Q: And finally, Sen. Markey, you have been a voice in the wilderness for at least a decade trying to get regulation on Facebook and other Big Tech. And as a result of the whistleblower testimony, now, do you think there is bipartisan momentum for that to happen?

Sen. Markey: Yep, first Frances Haugan – what a hero. She has just issued a blistering, scalding indictment of Facebook activity right from its inception, so now it's time for us to pass legislation to have a children's Bill of Rights, up to age 16 so that the parents can control the information which children are putting online and can just stop it if they want to, so that we can pass legislation to stop this pernicious marketing towards children, just taking advantage of their vulnerability because of their young age, and that we can do the kind of research we need to do to complement what we just found out to see what the mental health impacts are of these online social media websites on the children of our country. I think it's a crisis, it's time for us to have to deal with it and I think what Frances Haugan did is going to give us the momentum to get it done this year.

Q: And Senator Coons, as someone who knows Joe Biden so well, how’s he doing and do you think he’ll get these big deals through? Is Manchin going to compromise? Will Sinema compromise?

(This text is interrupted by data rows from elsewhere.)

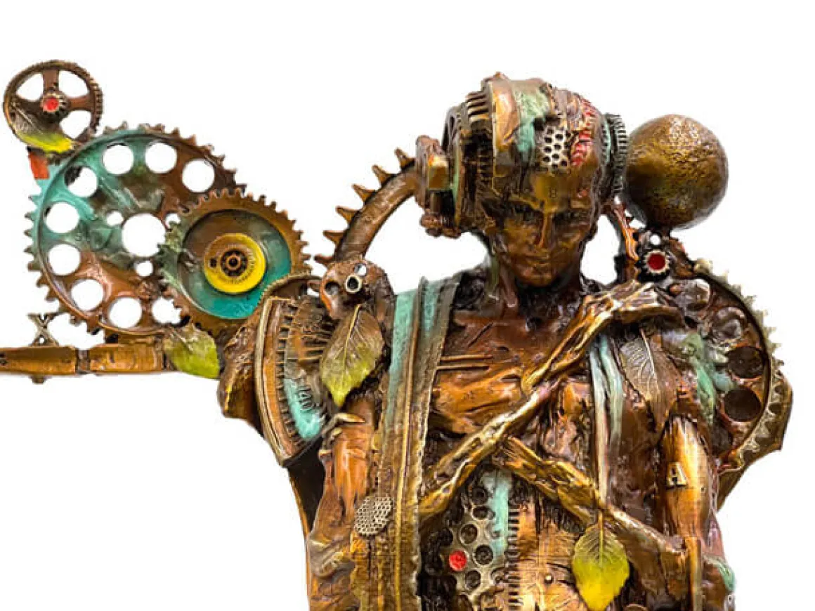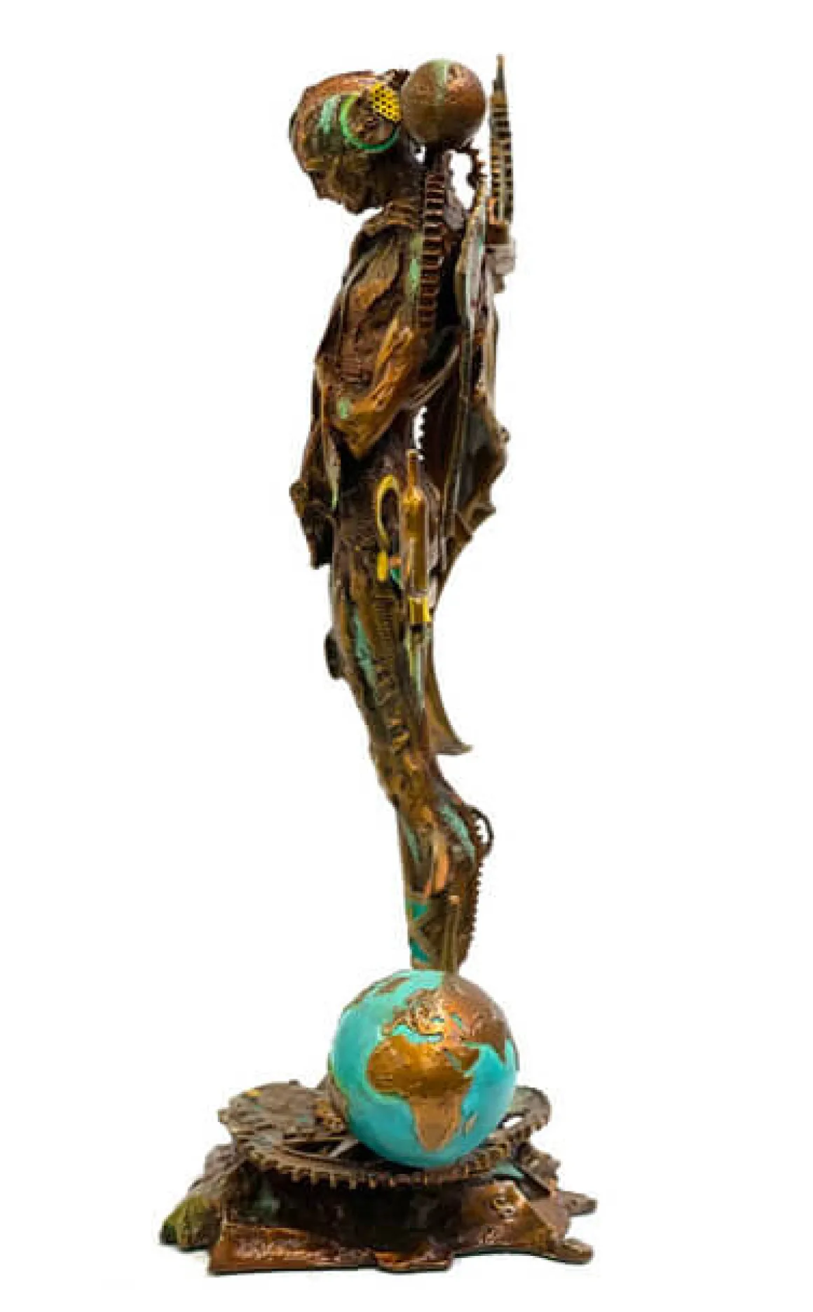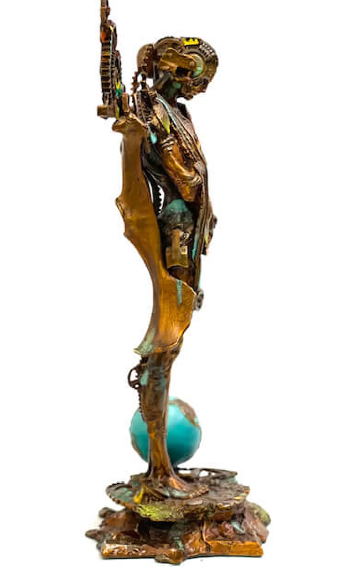 Man dot Earth Medium presents Nano Lopez’s profound meditation on humanity’s relationship with our planet in an accessible tabletop scale. This striking figure stands at the crossroads of nature and industry—a human form interwoven with intricate clockwork gears, cogs, and mechanical elements. His outstretched arms form a living scale: one side bearing elaborate turquoise-accented gear mechanisms, the other holding scientific instruments and bottles representing human knowledge and discovery. A luminous turquoise globe—Earth herself—rests at his feet, a reminder of what hangs in the balance. The rich bronze patinas blend with striking teal accents throughout, while compass directions on the base orient him to the cardinal points of our world. This medium size offers the complete impact of the design while fitting comfortably on a desk, shelf, or pedestal.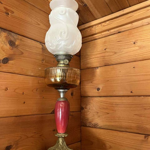 Petroleums lampe, Metal , 30 år gl., Jubilæum gave fra Fritz Hansen-patruljen lampe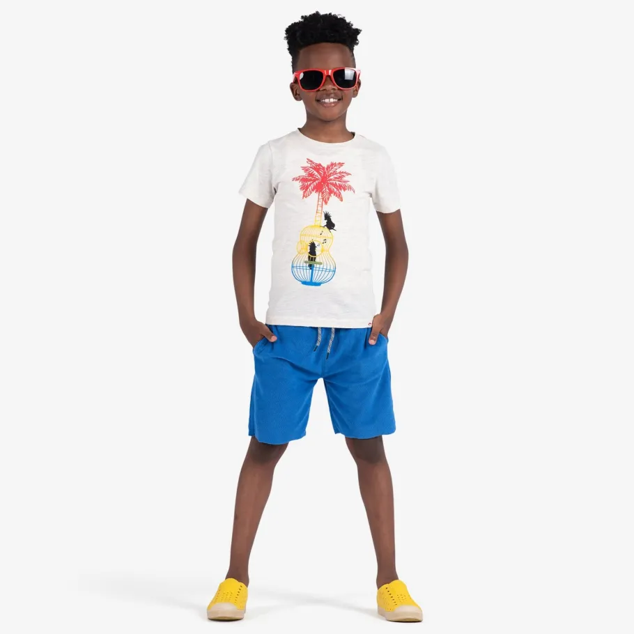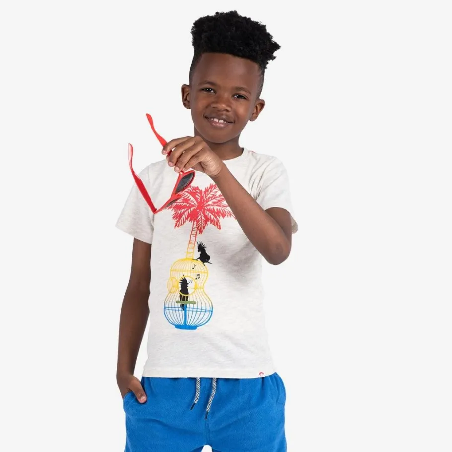 Strum into style with Appaman’s Song Birds Graphic Tee in White! This short-sleeve graphic tee turns birdcages into rock stages, with a guitar-shaped cage and a palm tree fingerboard. It’s the only shirt that’ll have you tweeting a rock ballad! Made of 100% cotton, because even cool birds appreciate a comfy tee. Rock on with Appaman – where feathers meet frets in the trendiest jam session around!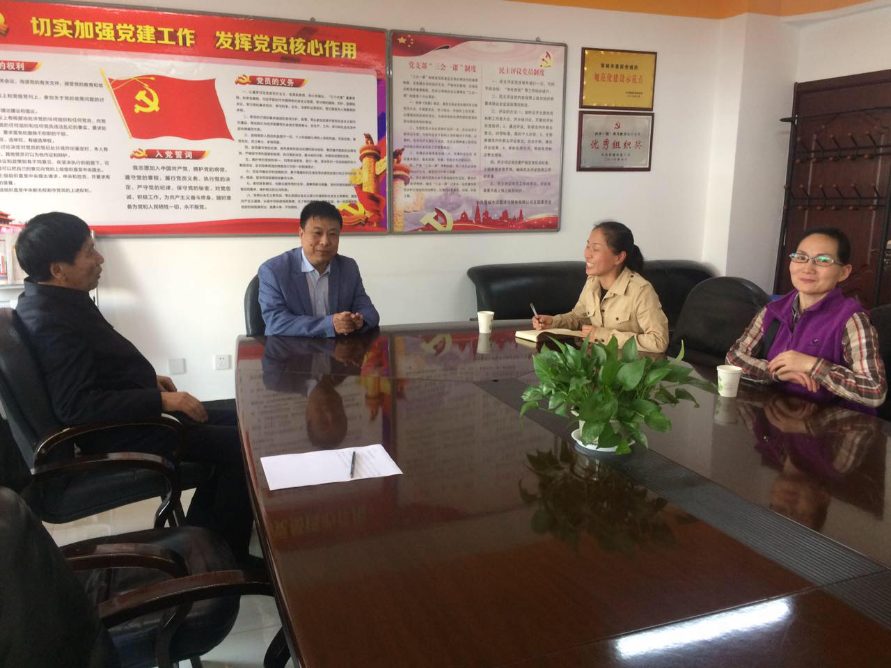 公司黨支部李書記首先將我公司黨支部的情況向她們做了簡單介紹,隨后詳細(xì)說明了我公司按照市非公黨委的要求開展“改革創(chuàng)新、奮發(fā)有為”大討論活動的情況。

Sen. Coons: He is focused and optimistic about our chance of getting the Build Back Better agenda resolved and reconciled and moved through the Senate and the House. If we get to the end of this year and President Biden signed into law a 1.2 trillion-dollar infrastructure package that’ll create hundreds of thousands of high-skill, high-wage jobs, and, I hope, more than $2 trillion, Build Back Better agenda that over the next decade will invest in a big tax reform of reducing costs for working families, helping make easier challenges like health care costs, childcare, daycare, elder care and confronts climate? We will have a very strong agenda to run on in the midterms at the end of next year, and President Biden should be optimistic, and I think Senator Markey joins me. We are all optimistic that having cleared this hurdle of McConnell's obstruction on the debt ceiling. We've got a clear path towards hammering out a compromise and getting these bills to President Biden’s desk.

Q: Voices of optimism on Capitol Hill, who knows? Senator Coons and Markey, thank you both so much.